No line before the one holding "2900598 GOLD COAST, AUSTRALIA" is wanted; restate word for word that line and all lines after it to the end of the entries, excluding pictures.

====== Entries provided

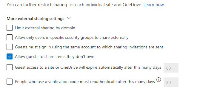 Ayrıca More external sharing settings başlığını genişletirseniz dış kullanıcılar ile dosya paylaşımı ensasında uygulayabileceğiniz ekstra kuralları görebilirsiniz.
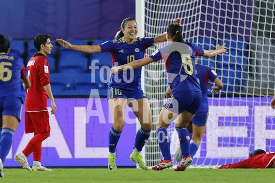 2900598 GOLD COAST, AUSTRALIA - 8 DE MARCO Chandler McDaniel (10 Filipinas) comemora apos marcar um gol com Sara Eggesvik (8 Filipinas) durante a partida da Copa Asiatica Feminina entre a Republica Islamica do Ira e as Filipinas no Estadio Gold Coast em 8 de marco de 2026 em Gold Coast, Australia. (Matthew Starling / SPP)
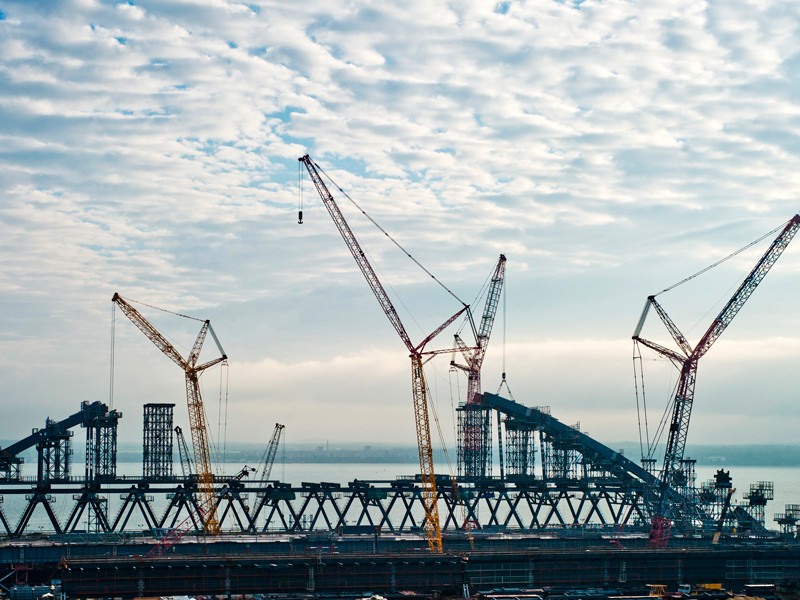 Строительство Керченского моста, который соединит Краснодарский край РФ с Крымом, минуя территорию Украины, началось в сентябре 2014 года. Мост длиной около 19 километров станет самым протяженным в России. В конструкцию войдут четырехполосный автомобильный переход и две железнодорожные колеи.
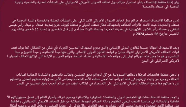 بيان إدانة منظمة #انتصاف بشأن استمرار جرائم دول تحالف العدوان الأمريكي الاسرائيلي على المنشآت المدنية والخدمية والبنية التحتية في صنعاء والحديدة
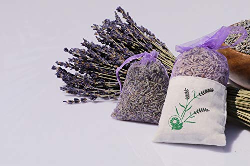 12 Pure Lavender Dry Flower 10g Satchels - Cozy Pouch Sachets Filled with Dried Lavender Buds - Natural Scent Fragrance for Aromatherapy - Car - Closet - Drawers - Moths - Wardrobe
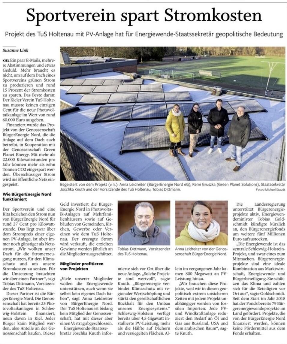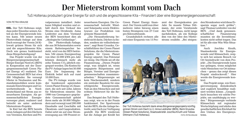Bereits seit Ende November 2025 beziehen wir klimafreundlichen, grünen Strom von der eigenen PV-Anlage auf dem Dach des Vereinsgebäudes. Ermöglicht haben dies die Projekpartner von "BürgerenergieNord eG" und "Green Planet Solutions". Herzlichen Dank!!

============

▶ _Answer box_
 2900598 GOLD COAST, AUSTRALIA - 8 DE MARCO Chandler McDaniel (10 Filipinas) comemora apos marcar um gol com Sara Eggesvik (8 Filipinas) durante a partida da Copa Asiatica Feminina entre a Republica Islamica do Ira e as Filipinas no Estadio Gold Coast em 8 de marco de 2026 em Gold Coast, Australia. (Matthew Starling / SPP)
 Строительство Керченского моста, который соединит Краснодарский край РФ с Крымом, минуя территорию Украины, началось в сентябре 2014 года. Мост длиной около 19 километров станет самым протяженным в России. В конструкцию войдут четырехполосный автомобильный переход и две железнодорожные колеи.
 بيان إدانة منظمة #انتصاف بشأن استمرار جرائم دول تحالف العدوان الأمريكي الاسرائيلي على المنشآت المدنية والخدمية والبنية التحتية في صنعاء والحديدة
 12 Pure Lavender Dry Flower 10g Satchels - Cozy Pouch Sachets Filled with Dried Lavender Buds - Natural Scent Fragrance for Aromatherapy - Car - Closet - Drawers - Moths - Wardrobe
Bereits seit Ende November 2025 beziehen wir klimafreundlichen, grünen Strom von der eigenen PV-Anlage auf dem Dach des Vereinsgebäudes. Ermöglicht haben dies die Projekpartner von "BürgerenergieNord eG" und "Green Planet Solutions". Herzlichen Dank!!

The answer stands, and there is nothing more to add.